We manually access the metrics interface of the k8s component.
[root@master setup]# curl -k https://192.168.118.140:10259/metrics
{
"kind": "Status",
"apiVersion": "v1",
"metadata": {
},
"status": "Failure",
"message": "forbidden: User \"system:anonymous\" cannot get path \"/metrics\"",
"reason": "Forbidden",
"details": {
},
"code": 403
}[root@master setup]#
# By default, authentication access is required
# So how to authenticate?
#In k8s, authentication and access can be performed through certificates or tokens.
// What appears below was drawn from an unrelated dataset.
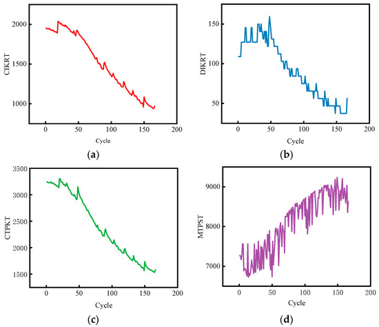 As shown in Figure 4, there is a relationship between the features and the cycle number: CIKRT, DIKRT, CTPKT, and IVAI exhibit an overall decreasing trend as the cycle count increases, whereas MTPST and IVCRAI show an overall increasing trend.

#So, where does this token come from?
#It involves a concept. The concept in k8s is the issue of permissions, such as the concepts of clusterrole and serviceaccount.
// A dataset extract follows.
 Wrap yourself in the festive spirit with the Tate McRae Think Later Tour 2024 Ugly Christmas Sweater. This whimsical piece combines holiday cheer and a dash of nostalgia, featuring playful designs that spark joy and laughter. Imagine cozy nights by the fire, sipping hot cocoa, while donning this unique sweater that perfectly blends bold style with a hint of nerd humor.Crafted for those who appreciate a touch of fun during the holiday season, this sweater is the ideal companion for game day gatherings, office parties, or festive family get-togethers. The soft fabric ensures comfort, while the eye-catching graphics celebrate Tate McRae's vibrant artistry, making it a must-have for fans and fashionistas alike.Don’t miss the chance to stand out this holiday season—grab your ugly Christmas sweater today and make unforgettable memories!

#serviceaccount is the concept of a user in k8s. As long as the serviceaccount has permission to access node resources, you can obtain information about the corresponding resource.
# You can get tokens from sa created by prometheus
kubectl -n monitoring get sa prometheus-k8s -oyaml
kubectl -n monitoring get secrets prometheus-k8s-token-27mlq -oyaml
[root@master ~]# kubectl -n monitoring get secrets prometheus-k8s-token-27mlq -oyaml
apiVersion: v1
data:
.......
token: ZXlKaGJHY2lPaUpTVXp...................pZdmlkOUpVRFhWSkVB
kind: Secret
# token is encrypted and needs to be decrypted
echo "ZXlKaGJHY2lPaUpTVXp....................pZdmlkOUpVRFhWSkVB" | base64 -d
# Define a token variable, the value is the decrypted content
export token=Decrypted characters
# When accessing metrics, it will be normal
curl -s -k -H "Authorization: Bearer $token" https://192.168.118.140:10259/metrics
# This is OK, note that tr -d deliberately changed a line, indicating that the string content needs to be removed from the newline characters, and you can copy and paste it directly to execute.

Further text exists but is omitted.